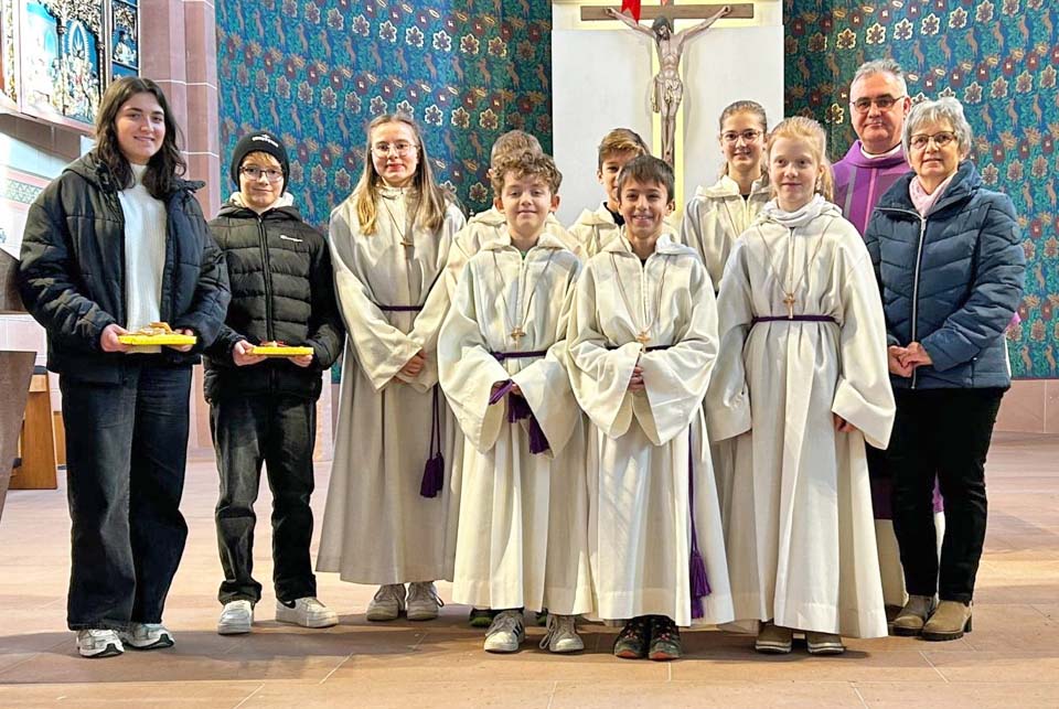 Die Fürbitten trug Heiko Echtle vom Betreuungsteam vor. Sie richteten sich an die Ministranten, ihre Gemeinschaft und ihre Familien, ebenso an die ehemaligen Mini stranten, die in diesem Gottesdienst aus ihrem Dienst verabschiedet wurden.
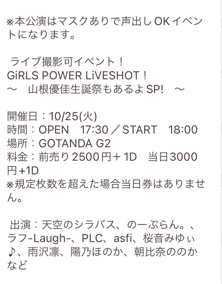 10/25(火)GiRLS POWER LiVESHOT! ~山根優佳生誕祭もあるよSP!〜
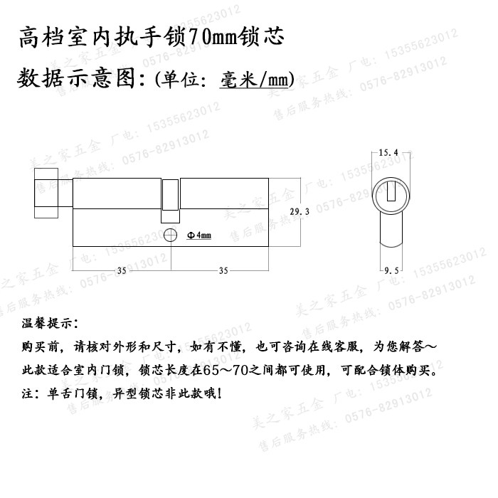 High-end room door lock core small gourd pure copper lock core room door wooden door plate hand lock 70mm fit 5 to hold copper key
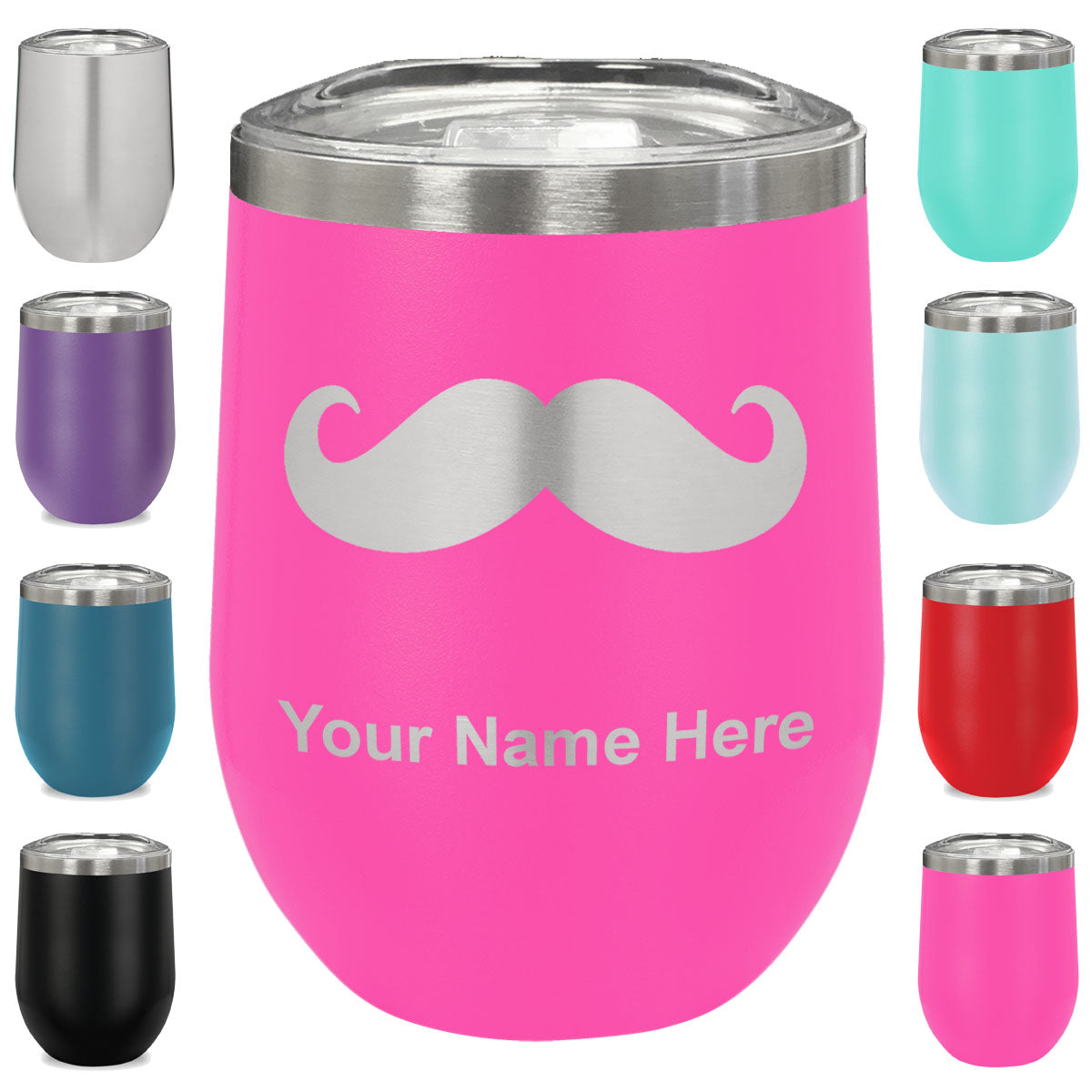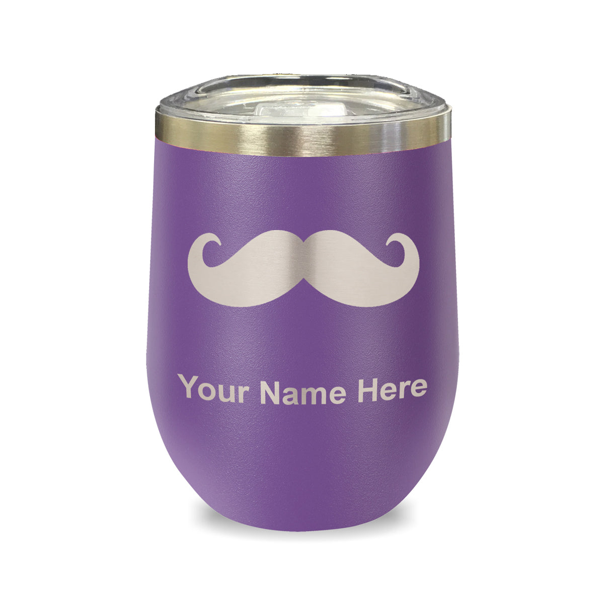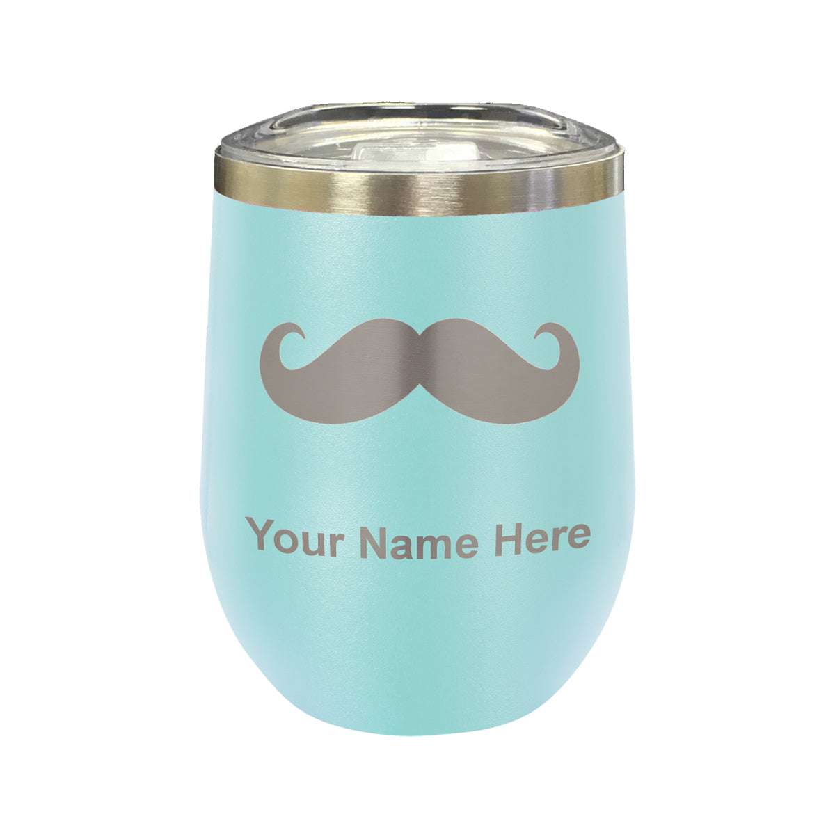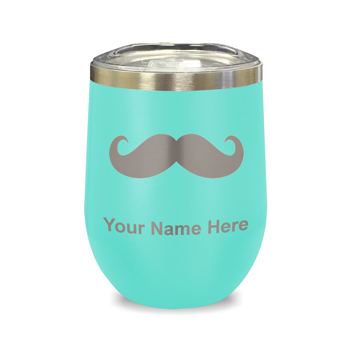 LaserGram Double Wall Stainless Steel Wine Glass, Mustache, Personalized Engraving Included

--------

▶ [PROBLEM STATEMENT]
Set out the material once more, exact in every line, with no images.

▶ [SOLUTION TO THIS PROBLEM]
 Die Fürbitten trug Heiko Echtle vom Betreuungsteam vor. Sie richteten sich an die Ministranten, ihre Gemeinschaft und ihre Familien, ebenso an die ehemaligen Mini stranten, die in diesem Gottesdienst aus ihrem Dienst verabschiedet wurden.
 10/25(火)GiRLS POWER LiVESHOT! ~山根優佳生誕祭もあるよSP!〜
 High-end room door lock core small gourd pure copper lock core room door wooden door plate hand lock 70mm fit 5 to hold copper key
 LaserGram Double Wall Stainless Steel Wine Glass, Mustache, Personalized Engraving Included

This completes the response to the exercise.